Thomas Hardy: The Woodlanders

26. CHAPTER XXVI. (continued)

On entering Little Hintock he found himself regarding it in a new way--from the Hintock House point of view rather than from his own and the Melburys'. The household had all gone to bed, and as he went up-stairs he heard the snore of the timber-merchant from his quarter of the building, and turned into the passage communicating with his own rooms in a strange access of sadness. A light was burning for him in the chamber; but Grace, though in bed, was not asleep. In a moment her sympathetic voice came from behind the curtains.

"Edgar, is she very seriously hurt?"

Fitzpiers had so entirely lost sight of Mrs. Charmond as a patient that he was not on the instant ready with a reply.

"Oh no," he said. "There are no bones broken, but she is shaken. I am going again to-morrow."

Another inquiry or two, and Grace said,

"Did she ask for me?"

"Well--I think she did--I don't quite remember; but I am under the impression that she spoke of you."

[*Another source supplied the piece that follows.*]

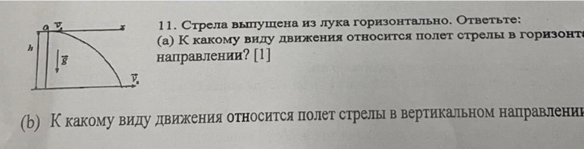 11. Стрела вышущена из лука горизонтально. Ответьте: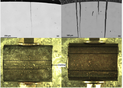 Figure 6.Cracking av C-rings vid 800 MPa med en 5 | j, g/cm2/h avsättning flussmedel och en testgas av luft - 300 vppm SO2(a) 100 h exponering tvärsnitt (b) 300 h exponering tvärsnitt (c ) 300 h centrala krackning (d) 500 h symmetrisk sprickbildning.

"Cannot you recollect at all what she said?"

"I cannot, just this minute."

"At any rate she did not talk much about me?" said Grace with disappointment.

"Oh no."

"But you did, perhaps," she added, innocently fishing for a compliment.

"Oh yes--you may depend upon that!" replied he, warmly, though scarcely thinking of what he was saving, so vividly was there present to his mind the personality of Mrs. Charmond.